OK, same here, except std array gives me only 1.4 s, while the other
timings are about the same. (0.14 alpha2 : ldmd2 -O -inline).
Drat, that means testing on many different compilers. Oh well, let's
start small: pre-allocating, better algorithms, then I'll do real
speed instrumentation.

Aug 15 2014

"Philippe Sigaud" <philippe.sigaud gmail.com> writes:

Well, I created a wrapper around a std.array.uninitializedArray 
call, to manage the interface I need (queue behavior: pushing at 
the end, popping at the beginning). When hitting the end of the 
current array, it either reuse the current buffer or create a new 
one, depending of the remaining capacity.

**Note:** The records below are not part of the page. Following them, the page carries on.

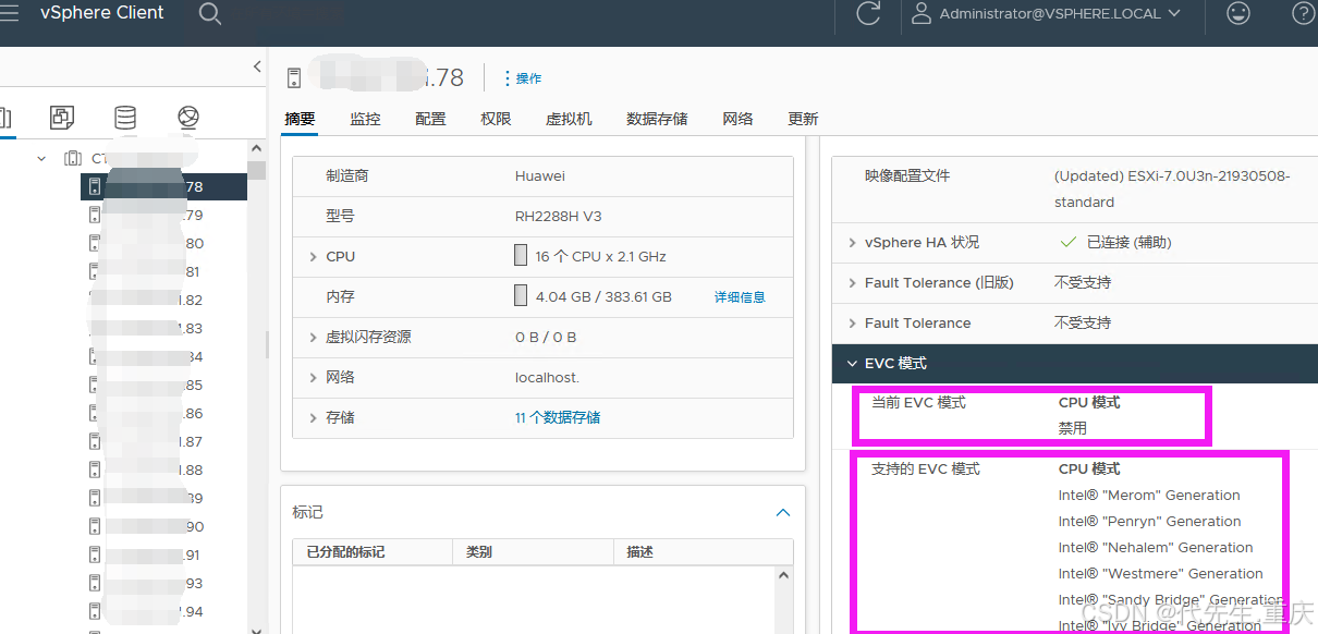 vSphere启用EVC时遇到CPU不同代际集群的迁移问题处理一例
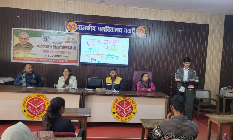 आवास विकास स्थित राजकीय महाविद्यालय बदायूं में उत्तर प्रदेश शासन के द्वारा चलाए जा रहे सड़क सुरक्षा माह के अंतर्गत राष्ट्रीय सेवा योजना की इकाइयों के द्वारा महाविद्यालय स्तरीय भाषण, लघु नाटिका एवं रील मेकिंग प्रतियोगिता का आयोजन किया गया। प्राचार्य लेफ्टिनेंट डॉ श्रद्धा गुप्ता की अध्यक्षता में संपन्न हुए कार्यक्रम में सड़क सुरक्षा से संबंधित यातायात के नियमों और दुर्घटना के कारण एवं बचाव पर छात्र छात्राओं ने अपने विचार व्यक्त किए।
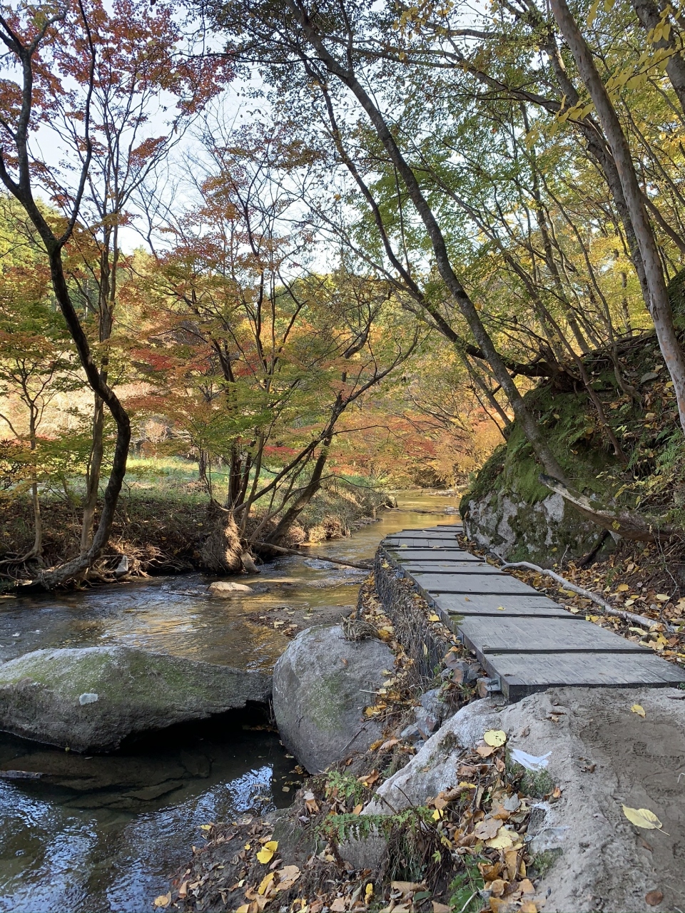 滝川の里で食事をした後に、散策しました。整備された遊歩道を歩きました。川べりなので、靴はちゃんとした靴の方が良いです。木漏れ日の中を歩きましたが、とても気持ち良かったです。所々、紅葉していました。滝の所まで行って引き返して来ました。

On the 'synthetic' benchmarks, it performs quite reasonably: half 
the time of  Array or Appender (twice faster), 5x faster than 
standard array, and 3-4x slower than uninitializedArray.

And... It does not change the timings in my code, it even makes 
things slower when pre-allocating to much. Only by pre-allocating 
only a few elements do I get back the original timings.

So, I guess I'm suffering from a bad case of premature 
optimization :)

I thought that, having lots of concatenation in my code, that'd 
be a bottleneck. But it appears than pre-allocation does not give 
me any speed-up.

Well, at least it got me thinking, testing LDC a bit more and 
learning things on Array and Appender ;)

Thank for your help guys, it's now time for the -profile switch 
again...

Aug 15 2014

"monarch_dodra" <monarchdodra gmail.com> writes:

On Friday, 15 August 2014 at 14:40:36 UTC, Philippe Sigaud wrote:
 Well, I created a wrapper around a std.array.uninitializedArray 
 call, to manage the interface I need

Make sure you don't use that if your type has elaborate 
construction, or assumes a certain initial state (unless you are 
actually emplacing your objects of course).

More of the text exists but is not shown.